Cultures, Communities and Design

Calgary
Colonizing the harbour - The role of architecture in creating urban life
E. Sántha
3:15 pm - 4:45 pm

Abstract

Global challenges related to urbanization call for the sustainable development of cities. To accommodate the intensely growing urban population, urban areas will have to be transformed and built to be compact, mixed-use, and socially integrative to minimize the negative socio-economic, and environmental consequences. Creating sustainable compact cities on multiple dimensions is a complex task, that requires multidisciplinary efforts, including architecture. This study is concerned with the underexposed social dimension of sustainability, focusing on the interrelations between the design of the built environment and practice, primarily from a user perspective. The study posits that tectonic theory provides an opportunity to critically discuss this relation, through the articulation and interpretation of gestures as a form of a spatial dialogue between architects and users. In this paper, public life is studied in relation to the urban public space created by a mixed-use building complex, as part of the large-scale re-development of Aarhus Bay in Denmark.
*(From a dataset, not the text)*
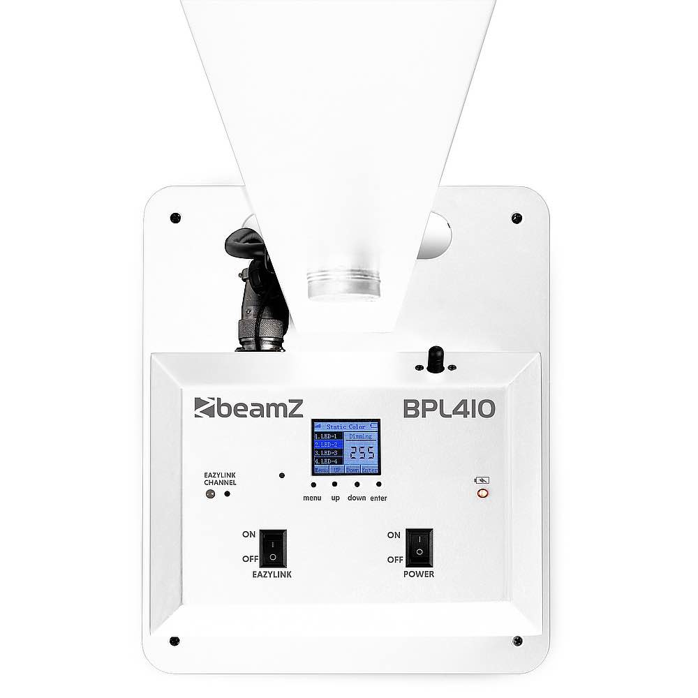 <p>Il BPL410 è un supporto luminoso alimentato a batteria dal design elegante, senza cavi, che ridefinisce l'illuminazione decorativa per banchetti, banconi di presentazione, giardini ed eventi vari. Il semplice sistema di montaggio con emettitori di luce regolabili può essere puntato in qualsiasi direzione per un'illuminazione precisa. Grazie al design modulare, è possibile utilizzare la lampada come lampada da terra o come barra sospesa con 4 faretti. Il palo della luce è dotato di una robusta base zavorrata per garantire la massima stabilità, anche quando il supporto è nel punto più alto. Per maggiore comodità, è disponibile anche un flight case opzionale, che può contenere due unità complete per un trasporto senza sforzo.</p><ul><li>Luce da palo alimentata a batteria</li><li>4 LED bianchi caldi da 10 W</li><li>Zoom manuale: 4-45 gradi</li><li>Angolo di illuminazione regolabile</li><li>Base robusta con peso extra</li><li>Pacco batteria agli ioni di litio ad alta capacità</li><li>Durata della batteria: fino a 20 ore</li><li>Tempo di ricarica della batteria: 6 ore (piena potenza)</li><li>Ricevitore DMX wireless integrato (per EazyLink)</li><li>Ingresso/uscita DMX tramite XLR a 3 pin</li><li>Ingresso/uscita P-Con</li><li>Montaggio/smontaggio rapido senza attrezzi</li><li>Incluso telecomando</li><li>Colore: bianco</li></ul><ul><li>Product colour White</li><li>Colour temperature 2700K</li><li>Light source Single colour LED</li><li>Colours Warm White</li><li>LED power (single LED) 10W</li><li>Quantity of LEDs 4</li><li>Beam angle: Min 4°</li><li>Beam angle: Max 45°</li><li>Illuminance 12.865 lx @ 1m</li><li>Flash rate per second 1 - 17Hz</li><li>DMX channels 4, 8</li><li>DMX connection 3-pin XLR, Wireless DMX</li><li>Modes DMX, Manual, Master/Slave</li><li>IP rating IP20</li><li>Cooling Convection</li><li>Display LCD</li><li>Power plug P-Con</li><li>Power consumption 0.536 - 0.274A</li><li>Battery 11.1V - 25Ah</li><li>Power supply 100-240VAC 50/60Hz (12V Adapter)</li><li>Dimensions (L x W x H) 2360 x 250 x 300mm</li><li>Weight (kg) 11,65</li><li>Included accessories Remote control (wireless)</li></ul>

Spatial gestures are investigated through a mix of interviews and urban life records, using direct observation methods (counting, mapping, tracing) to better understand how urban public spaces in densely built neighbourhoods are used and the role of architecture in creating them. Findings reveal the dynamic flow of mixed-use neighbourhoods, through the quantitative data on traffic and activities combined with qualitative data on perceived space, traffic, and urban life. The study contributes to closing the gap between subjective and objective interpretations of urban spaces, by focusing on both the construction of the built environment and the vibrant complex flows running through them. The paper taps into the discussion on inclusion and exclusion, both regarding the mixed-use concept itself and democracy in planning processes, highlighting the different needs of different user groups. Thus, providing input to the multidisciplinary efforts needed to create functional and liveable compact cities in the future.

Biography

Eszter Sántha is an Industrial PhD student at the Department of Architecture, Design & Media Technology (CREATE), Aalborg University, and employed by the architectural studio AART architects, in Denmark. She holds a bachelor’s degree in Landscape Architecture (2015) from Corvinus University, Budapest, and a master’s degree in Forest and Nature Management (2018) from the University of Copenhagen, Denmark. As part of a multidisciplinary research team, she is currently carrying out a 3-year long research project entitled “Architecture as a catalyst for social and socio-economic value creation”. The project is a collaboration between Aalborg University, AART architects and the University of Copenhagen. It explores the relation between architectural quality and socio-economic value for different user groups in the context of sustainable urban development. By studying the choices and trade-offs made by architects and users on architectural design, the research project intends to describe architectural quality based on the social value it potentially creates. Eszter Sántha’s broader research interests lie in understanding the value of the built and natural environment and thereby contribute to creating high quality living space for both people and nature.

Session Details
Track 1
AMPS
3:15 pm - 4:45 pm
Tuesday 28th June, 2022
All session times are in Mountain Daylight Time (MDT)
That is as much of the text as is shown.